Les Colombiens doivent assumer la responsabilité de leur destin.
Le
gouvernement français a exprimé
clairement sa disponibilité pour les aider à rechercher les
moyens de mettre fin à ce conflit cruel. Déjà,
il s'était impliqué fortement, avec d'autres, dans la facilitation
des processus de paix avec les guérillas, conduits par le
prédécesseur du président Uribe. Il appuie aujourd'hui la
volonté du gouvernement colombien, fondée sur une politique
de fermeté, de rechercher une solution négociée en
sollicitant, notamment, les bons offices du secrétaire général
des Nations unies.

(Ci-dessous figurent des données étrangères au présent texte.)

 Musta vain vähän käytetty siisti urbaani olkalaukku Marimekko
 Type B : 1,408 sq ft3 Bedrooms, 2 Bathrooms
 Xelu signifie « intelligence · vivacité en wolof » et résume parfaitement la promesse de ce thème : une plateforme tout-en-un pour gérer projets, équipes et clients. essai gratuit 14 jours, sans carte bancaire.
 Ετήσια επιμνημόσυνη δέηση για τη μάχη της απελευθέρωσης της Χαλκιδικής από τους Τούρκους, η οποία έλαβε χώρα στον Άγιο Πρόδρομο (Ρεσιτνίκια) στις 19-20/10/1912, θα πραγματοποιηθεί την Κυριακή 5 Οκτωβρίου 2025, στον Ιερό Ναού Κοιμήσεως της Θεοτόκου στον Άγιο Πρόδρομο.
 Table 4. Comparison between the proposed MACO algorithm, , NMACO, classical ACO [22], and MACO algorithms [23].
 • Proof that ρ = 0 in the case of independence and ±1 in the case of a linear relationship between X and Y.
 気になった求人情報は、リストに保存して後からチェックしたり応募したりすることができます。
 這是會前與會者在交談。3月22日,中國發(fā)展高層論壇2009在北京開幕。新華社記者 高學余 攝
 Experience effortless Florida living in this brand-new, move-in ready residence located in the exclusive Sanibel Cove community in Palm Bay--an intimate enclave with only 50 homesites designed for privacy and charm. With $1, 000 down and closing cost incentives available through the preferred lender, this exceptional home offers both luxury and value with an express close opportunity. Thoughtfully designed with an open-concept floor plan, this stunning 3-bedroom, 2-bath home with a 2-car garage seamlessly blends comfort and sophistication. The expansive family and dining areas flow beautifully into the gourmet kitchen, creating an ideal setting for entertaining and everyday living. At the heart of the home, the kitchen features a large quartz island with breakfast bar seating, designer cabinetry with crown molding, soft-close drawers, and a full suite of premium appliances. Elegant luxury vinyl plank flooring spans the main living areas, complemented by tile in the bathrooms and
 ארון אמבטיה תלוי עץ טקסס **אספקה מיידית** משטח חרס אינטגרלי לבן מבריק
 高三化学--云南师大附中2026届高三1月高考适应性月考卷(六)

Le gouvernement français appuie cette approche,
dans la mesure où elle combine le renforcement de l'autorité
de l'Etat et l'ouverture au dialogue avec les groupes armés
illégaux.
Il
reconnaît la légitimité, pour rétablir la paix civile en Colombie,
d'une politique de sécurité efficace et respectueuse des droits
de l'homme, à laquelle une coopération dans des domaines comme
le renforcement institutionnel ou la lutte contre le trafic
de drogue doit être apportée. La
possibilité d'un appui technique de la France à la substitution
de cultures par reforestation, priorité du président
Uribe pour lutter contre la production de drogue, est à l'étude.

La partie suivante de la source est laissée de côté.